YOUR TASK: Somewhere below are a line with "Bald coot with" and a later line with "从出海品类上来看,根据统计,在广东出口收". Output exactly those lines and all lines between them.

────

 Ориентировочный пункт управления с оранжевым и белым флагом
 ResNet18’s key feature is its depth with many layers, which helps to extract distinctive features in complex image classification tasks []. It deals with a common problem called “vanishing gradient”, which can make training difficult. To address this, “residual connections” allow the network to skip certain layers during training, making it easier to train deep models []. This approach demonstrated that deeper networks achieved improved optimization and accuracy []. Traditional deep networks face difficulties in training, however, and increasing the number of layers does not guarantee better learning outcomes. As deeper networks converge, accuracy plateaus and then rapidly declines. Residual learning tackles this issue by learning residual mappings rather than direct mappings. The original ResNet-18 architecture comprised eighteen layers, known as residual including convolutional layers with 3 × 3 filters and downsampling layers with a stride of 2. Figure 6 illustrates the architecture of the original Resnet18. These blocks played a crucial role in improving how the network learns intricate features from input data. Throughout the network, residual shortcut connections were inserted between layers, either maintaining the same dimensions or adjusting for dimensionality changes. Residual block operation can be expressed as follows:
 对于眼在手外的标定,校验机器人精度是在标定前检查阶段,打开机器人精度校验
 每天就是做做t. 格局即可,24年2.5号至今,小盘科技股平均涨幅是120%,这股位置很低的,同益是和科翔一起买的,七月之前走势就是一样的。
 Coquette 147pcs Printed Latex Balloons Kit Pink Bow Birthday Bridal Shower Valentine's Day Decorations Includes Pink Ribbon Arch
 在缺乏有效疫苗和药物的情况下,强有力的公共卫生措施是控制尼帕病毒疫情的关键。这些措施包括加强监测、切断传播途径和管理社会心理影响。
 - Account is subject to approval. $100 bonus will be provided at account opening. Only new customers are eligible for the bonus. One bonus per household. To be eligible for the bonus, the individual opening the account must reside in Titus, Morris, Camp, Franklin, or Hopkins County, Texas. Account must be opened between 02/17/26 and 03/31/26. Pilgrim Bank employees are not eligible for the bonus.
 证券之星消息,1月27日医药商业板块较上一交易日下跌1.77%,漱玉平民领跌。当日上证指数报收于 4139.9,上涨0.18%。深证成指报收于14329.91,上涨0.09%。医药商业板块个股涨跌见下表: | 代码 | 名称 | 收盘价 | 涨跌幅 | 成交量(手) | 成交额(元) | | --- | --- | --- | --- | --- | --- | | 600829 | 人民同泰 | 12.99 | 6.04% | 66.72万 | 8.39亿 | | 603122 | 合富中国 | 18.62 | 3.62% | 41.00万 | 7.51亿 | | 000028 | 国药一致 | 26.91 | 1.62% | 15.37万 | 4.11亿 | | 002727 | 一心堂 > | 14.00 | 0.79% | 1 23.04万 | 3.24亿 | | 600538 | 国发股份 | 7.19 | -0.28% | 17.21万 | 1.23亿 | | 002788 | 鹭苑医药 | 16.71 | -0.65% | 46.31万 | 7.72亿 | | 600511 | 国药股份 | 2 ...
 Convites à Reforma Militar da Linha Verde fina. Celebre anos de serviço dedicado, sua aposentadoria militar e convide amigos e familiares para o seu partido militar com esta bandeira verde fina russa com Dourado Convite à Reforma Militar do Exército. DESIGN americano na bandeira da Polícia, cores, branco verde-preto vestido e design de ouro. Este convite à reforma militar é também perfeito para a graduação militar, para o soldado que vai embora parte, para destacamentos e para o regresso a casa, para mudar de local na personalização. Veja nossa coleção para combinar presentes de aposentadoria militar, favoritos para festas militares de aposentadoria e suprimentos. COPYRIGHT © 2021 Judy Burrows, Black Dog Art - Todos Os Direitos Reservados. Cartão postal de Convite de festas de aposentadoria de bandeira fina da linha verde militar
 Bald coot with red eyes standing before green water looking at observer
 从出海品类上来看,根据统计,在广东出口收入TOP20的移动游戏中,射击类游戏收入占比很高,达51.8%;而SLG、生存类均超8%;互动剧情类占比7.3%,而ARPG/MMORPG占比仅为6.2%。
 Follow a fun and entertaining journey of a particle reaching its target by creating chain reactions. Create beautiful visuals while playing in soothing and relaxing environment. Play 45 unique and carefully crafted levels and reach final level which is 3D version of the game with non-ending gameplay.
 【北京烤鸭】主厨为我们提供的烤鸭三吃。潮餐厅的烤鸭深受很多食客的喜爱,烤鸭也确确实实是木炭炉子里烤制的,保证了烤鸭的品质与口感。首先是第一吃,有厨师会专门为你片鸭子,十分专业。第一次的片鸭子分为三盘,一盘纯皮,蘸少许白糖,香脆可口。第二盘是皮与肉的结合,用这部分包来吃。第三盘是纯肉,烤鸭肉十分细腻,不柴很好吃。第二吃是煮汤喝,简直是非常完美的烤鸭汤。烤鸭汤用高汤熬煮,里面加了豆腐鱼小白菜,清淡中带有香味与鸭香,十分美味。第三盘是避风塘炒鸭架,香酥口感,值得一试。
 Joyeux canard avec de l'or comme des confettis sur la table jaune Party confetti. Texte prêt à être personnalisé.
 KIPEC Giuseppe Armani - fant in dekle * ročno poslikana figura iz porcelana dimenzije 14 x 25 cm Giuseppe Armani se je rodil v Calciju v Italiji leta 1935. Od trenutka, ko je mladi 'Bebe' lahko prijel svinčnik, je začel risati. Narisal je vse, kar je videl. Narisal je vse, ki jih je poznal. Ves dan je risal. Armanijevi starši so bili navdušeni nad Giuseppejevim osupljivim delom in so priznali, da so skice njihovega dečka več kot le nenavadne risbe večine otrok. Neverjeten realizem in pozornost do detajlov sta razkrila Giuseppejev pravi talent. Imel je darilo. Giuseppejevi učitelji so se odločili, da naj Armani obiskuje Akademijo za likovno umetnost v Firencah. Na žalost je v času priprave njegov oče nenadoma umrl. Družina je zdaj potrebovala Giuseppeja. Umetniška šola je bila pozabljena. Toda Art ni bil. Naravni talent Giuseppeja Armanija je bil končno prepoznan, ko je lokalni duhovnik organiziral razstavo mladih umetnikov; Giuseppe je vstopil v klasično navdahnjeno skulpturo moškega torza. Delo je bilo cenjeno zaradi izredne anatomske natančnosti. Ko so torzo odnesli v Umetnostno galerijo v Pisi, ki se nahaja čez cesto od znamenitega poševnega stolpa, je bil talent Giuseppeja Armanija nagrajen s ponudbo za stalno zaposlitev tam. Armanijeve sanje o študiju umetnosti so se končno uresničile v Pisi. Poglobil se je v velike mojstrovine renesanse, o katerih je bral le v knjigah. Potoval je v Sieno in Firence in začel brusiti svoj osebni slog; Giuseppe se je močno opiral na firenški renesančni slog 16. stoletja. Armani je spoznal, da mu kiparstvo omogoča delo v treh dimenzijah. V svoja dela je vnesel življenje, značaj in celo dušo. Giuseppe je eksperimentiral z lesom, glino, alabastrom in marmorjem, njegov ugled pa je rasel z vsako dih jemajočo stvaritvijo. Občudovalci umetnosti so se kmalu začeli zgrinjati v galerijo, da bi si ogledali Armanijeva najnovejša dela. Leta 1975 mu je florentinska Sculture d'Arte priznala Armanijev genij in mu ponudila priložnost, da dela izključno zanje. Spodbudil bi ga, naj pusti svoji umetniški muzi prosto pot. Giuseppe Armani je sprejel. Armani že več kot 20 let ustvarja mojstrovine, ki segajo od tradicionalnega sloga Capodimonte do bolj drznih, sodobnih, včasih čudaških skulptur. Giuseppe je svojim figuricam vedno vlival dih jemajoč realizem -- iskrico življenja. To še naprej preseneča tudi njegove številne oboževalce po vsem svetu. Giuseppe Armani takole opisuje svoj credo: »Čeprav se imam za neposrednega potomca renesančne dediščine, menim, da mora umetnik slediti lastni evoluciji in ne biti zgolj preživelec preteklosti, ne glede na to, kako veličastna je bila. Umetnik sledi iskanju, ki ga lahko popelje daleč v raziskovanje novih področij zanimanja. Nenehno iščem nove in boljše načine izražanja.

────

EXERCISE RESULT:
 Bald coot with red eyes standing before green water looking at observer
 从出海品类上来看,根据统计,在广东出口收入TOP20的移动游戏中,射击类游戏收入占比很高,达51.8%;而SLG、生存类均超8%;互动剧情类占比7.3%,而ARPG/MMORPG占比仅为6.2%。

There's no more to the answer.